4. Moon (Duncan Jones, 2009)
Kubrick was a massive influence on David Bowie, so it was only fair that Duncan Jones, the musician’s son, kept that theme of a lifetime going when he made his feature-length directorial debut on Moon.
As well as being a sci-fi story, the Kevin Spacey-voiced GERTY is a clear and obvious parallel of HAL, sharing human names and unassuming voices that are ill-at-ease with the revelations and bombshells they’ve respectively been tasked to drop.
The apple didn’t fall far from the tree when it came to the Bowie clan homaging Kubrick, but Moon does so in a way that doesn’t detract from its own qualities as a genuine 21st century science fiction great.
3. Barton Fink (Joel Coen, 1991)
The Coen brothers are no strangers to homaging Kubrick, so it was inevitable that it was going to happen when they made a movie where a great deal of the story unfolds within the cavernous confines of an ominous hotel.
Barton Fink and The Shining are set in foreboding establishments, revolve around writers struggling to unleash their inner wordsmith, and there are several Steadicam shots that are almost beat-for-beat recreations of Kubrick’s luxurious extended takes.
There’s even room for a sight gag, too, with several rooms in Barton Fink spotted with highly polished shoes lying outside. Shoes? Shiny? Shoe-shining? The Shining? It’s hardly an elite-level joke, but it’s there nonetheless.
2. Interstellar (Christopher Nolan, 2014)
Kubrickian fanboys don’t come much more famous than Christopher Nolan, and while he’s hardly averse to tipping his hat towards the maestro, Interstellar made it more pronounced than ever before.
There are countless nods, winks, parallels, and homages to 2001: A Space Odyssey contained within Interstellar, but it never comes across as distracting hero worship. Instead, it’s subtly integrated into a story that’s distinctly Nolan’s, but completely aware of the shadow being cast.
The visual and narrative references range from TARS and CASE evoking the spirit of HAL, with the rectangular design of the robots echoing 2001‘s monolith, while both Kubrick’s classic and Interstellar culminate in a reality-bending abstraction of the human experience.

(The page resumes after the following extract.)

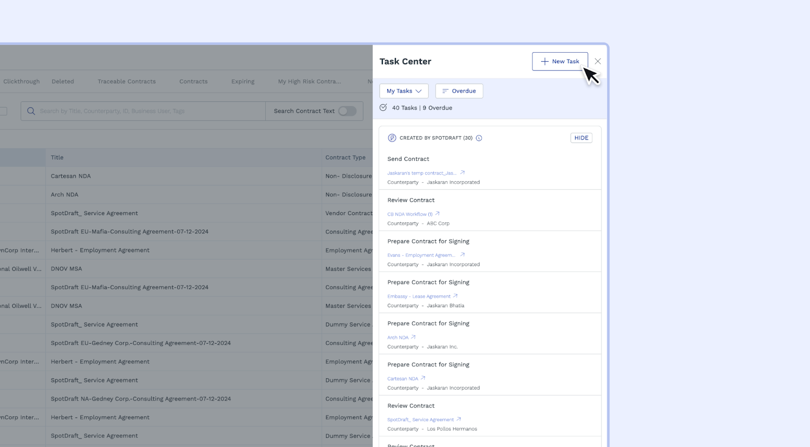 Here are the steps to create new tasks on SpotDraft:
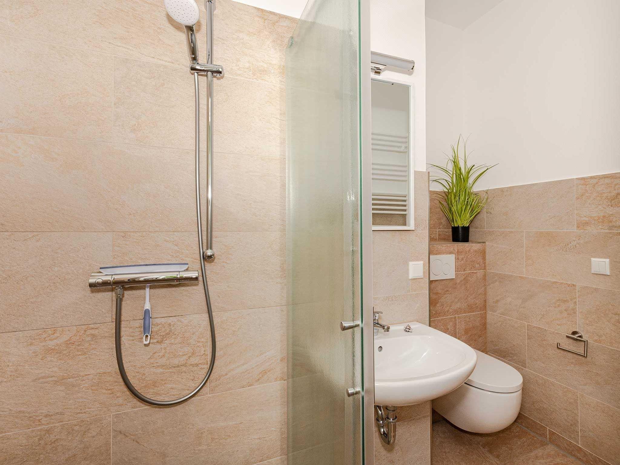 Dusche, WC und Handwaschbecken

1. The Simpsons (Matt Groening, 1989-present)
Pop culture is rife with Kubrick homages, but there hasn’t been a movie or TV show to pack in as many over a longer period of time than The Simpsons, with the show’s peak years rife with top-notch references.
Treehouse of Horror segment ‘The Shinning’ might be the best, even if a solid case can be made for Homer eating crisps to the sounds of the 2001 soundtrack in ‘Deep Space Homer’, Bart grasping for a pair of cupcakes like Alex DeLarge in a shot ripped right from A Clockwork Orange in ‘Duffless’, or Mr. Burns subjecting family dog Santa’s Little Helper to the Ludovico Technique.
It was clear that the writing staff who propelled The Simpsons to greatness during its early years were all huge Kubrick fans, with the repeated riffs on the auteur’s back catalogue always coming directly from the heart.